The first residential school was opened in 1840 and the last one closed as recently as 1996.

In 2008, the Canadian government apologized for these actions, but that was not enough. They also put in place a “Truth and Reconciliation Commission” to study the history and gather information from people who had been put in residential schools.

The idea is that by listening and talking about the damage done, we can begin to learn about the harm that befell the people who were placed in residential schools—and then, it is hoped, the present generations can come to some kind of an understanding.

The Commission produced a report with 94 recommendations for the government.

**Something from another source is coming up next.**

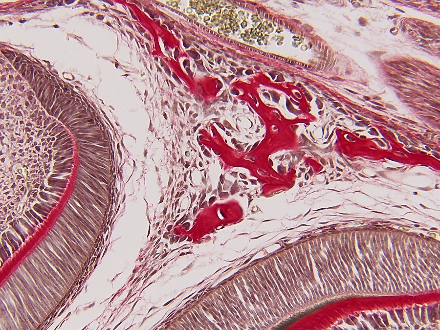 Knochenbildung im Oberkiefer. Links und rechts ist noch gerade etwas von Zahnbildung zu sehen, oben ein Quer geschnittenen Arterie, Objektiv Leitz Plan Fluotar 25x.

In this case, that means things the government should do differently.

Recently, more than 10,000 aboriginal people gathered in Ottawa to mark the final stage of the Truth and Reconciliation Commission.

Now, Canadians will wait to see whether the government will follow up on the recommendations made in the report.

CURRICULUM CONNECTIONS
By Kathleen Tilly

Writing/Discussion Prompt
As the article explains, thefirst residential school was opened in 1840 and the last one closed as recently as 1996.” However, the Canadian government did not apologize for the mistreatment of indigenous people until 2008. Why do you think it took the government so long to apologize?

Reading Prompt: Extending Understanding
The article states, “In 2008, the Canadian government apologized for these actions, but that was not enough.”

Using your own experiences and knowledge of other world events, answer the following question: Is an apology ever enough? 

Junior
Extend understanding of texts by connecting the ideas in them to their own knowledge, experience, and insights, to other familiar texts, and to the world around them (OME, Reading: 1.6).

Intermediate
Extend understanding of texts, including increasingly complex or difficult texts, by connecting the ideas in them to their own knowledge, experience, and insights, to other familiar texts, and to the world around them (OME, Reading: 1.6).

Language Feature: Word Choice
In order to examine Canadian residential schools and the impact they had on indigenous people, the “Truth and Reconciliation Commission” was created. What do the words truth and reconciliation mean? Do you think the name of the commission accurately describes what they are trying to do?